Our form to answer reference questions is a regular Drupal node form, but I want to change the 'Submit' button to be more descriptive, depending if the librarian is answering a question, requesting clarification, saving a draft, or whatever.
Our form looks something like this, just imagine a submit button at the bottom labeled 'Send answer'.
I ran into a problem with setting the button value because Drupal dynamically assigns ids to DOM elements, including for forms. For example, Drupal renders a regular submit button as:
<input type="submit" name="op" id="edit-submit" value="Save" class="form-submit" />jQuery can handle setting the button value easily:
$(document).ready(function(){
$("input[name='field_message_type[value]']").click(function(){
switch ($(this).val()) {
case 'Draft':
$('#edit-submit').val('Save draft');
break;
};
});
});I cut this short for brevity's sake, if this were a real function, I'd provide a case for each selection.

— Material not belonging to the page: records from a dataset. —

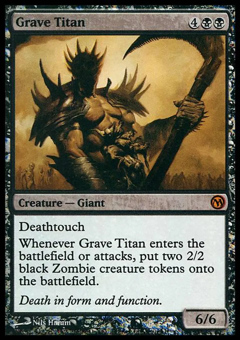Whenever Grave Titan enters the battlefield or attacks, put two 2/2 black Zombie creature tokens onto the battlefield. | ||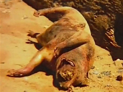 Thoạt trông, sinh vật này giống như một con heo bị chết trương nhưng quan sát kỹ lại thấy chân nó có lại có ngón.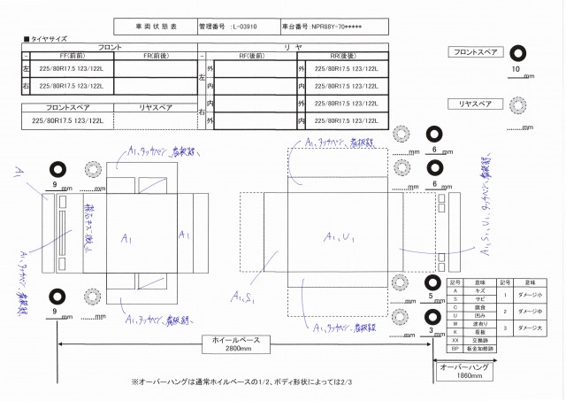 ▲フロントガラス:飛石キズ微小程度 ▲キャビン外装:タッチペン、薄い看板跡 ▲キャビン内装:スリキズ、内張りの一部色あせ ▲下回り・シャーシ:サビ小、サビ跡 ▲マフラー:サビ有り ▲ボディ外装:キズ・サビ・凹み小、薄い看板跡、タッチペン ▲ボディ庫内:キズ・サビ跡、凹み小複数 ▲プレス板・スライド板:キズ・サビ跡、凹み複数 ▲排出板:キズ・サビ跡・一部凹み・反り有り ※他、詳細はお問い合わせ下さい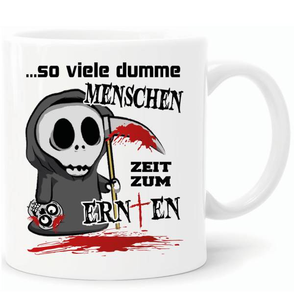 Dumme Menschen - Zeit zum Ernten. Tasse Sensenmann.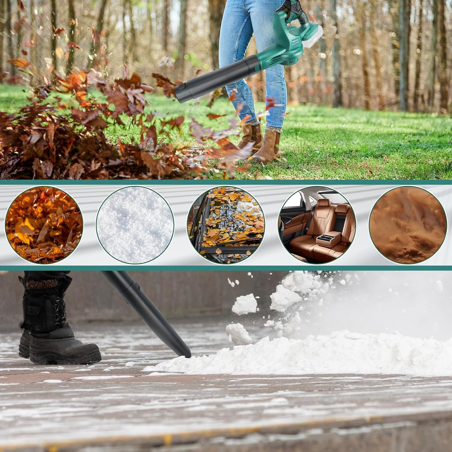 - 【Veelgebruikt】Kan vuil, gevallen bladeren en moeilijk bereikbare oppervlakken in winkels, garages, opritten, binnenplaatsen en tuinen verwijderen. Onze draadloze föhn verwijdert effectief sneeuw, stof, vuil, spinnenwebben en droge auto-oppervlakken.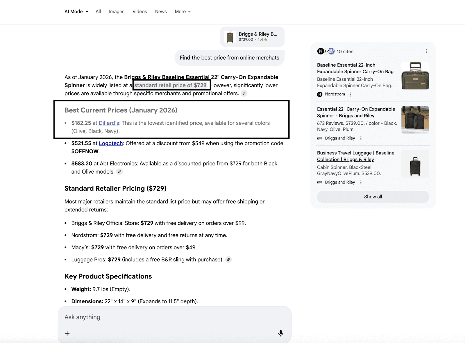 Checking that product box, we ask AI mode to find the merchant with the best price, Dillard's at ~$182:

Now, if there is more than one form on the page, Drupal will give each form a slightly different id, such as:
<input type="submit" name="op" id="edit-submit-1" value="Search" class="form-submit" />This wouldn't be a problem if the page rendered consistently for all users, but as it happens, we display different blocks for different users, some with forms in them, such as the 'search' block.

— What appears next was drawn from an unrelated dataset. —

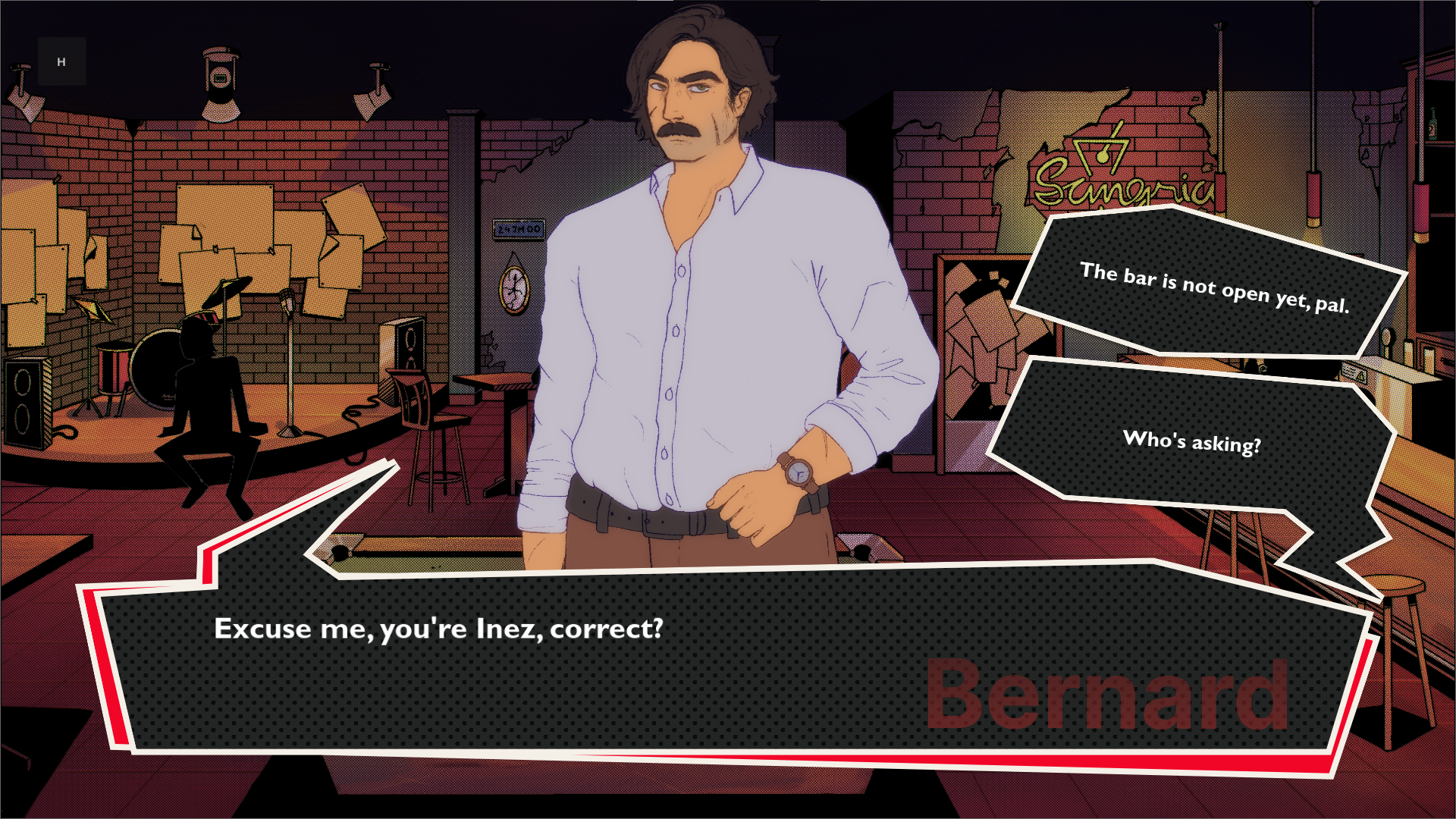 We were working on changing the song for the other locations during the moments in the bar, but haven’t been able to figure that out yet, so it’s still a work in progress.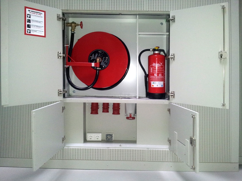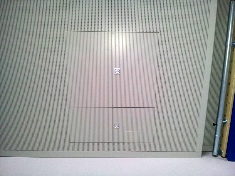 Zusätzlich müssen alle technischen Voraussetzungen wie ausreichende Stromzufuhr, Feuerlöscher, Löschschläuche, Brand- und Abzugsmelder sinnvoll in der Prallwand untergebracht werden ohne den Sportbetrieb zu behindern |

So it is a problem! We can't depend on Drupal always assigning the same id to a form element.
Besides, if anyone else wants to use this module, there is no way we can guarantee Drupal will provide a consistent id to our elements on their sites. No way that I could find, at least, so there has to be another way.
I tried changing the id element through Drupal's hook_form_alter() function, but that added an extra id element instead of changing it.
I considered changing the module weight of my module to allow my module to execute last, but my guess is that the problem here is that the default dynamic element IDs are being assigned by Drupal's core form-rendering functions.
So with a hat tip to Wim Leers, I ended up using hook_form_alter to add a class element to the button, thereby being able to call and set the button value from jQuery for anyone using the module.
Here is what I did in hook_form_alter:
<?php
function question_answer_form_alter (&$form, $form_state, $form_id) {
if ($form_id == 'question_answer_message_node_form') {
drupal_add_js(drupal_get_path('module', 'question_answer')
. '/question_answer.js');
$form['buttons']['submit']['#attributes']['class']
.= 'question-answer-submit';
}
}
?>There is a whole lot more to that function in the module, but again for brevity I am just displaying the relevant parts.
Here is the jQuery:
$(document).ready(function(){
$("input[name='field_message_type[value]']").click(function(){
switch ($(this).val()) {
case 'Draft':
$('#edit-field-referral-email-0-email-wrapper').fadeOut(1000);
$('.question-answer-submit').val('Save draft');
break;
};
});
});And zoom, we have a less confusing button to press.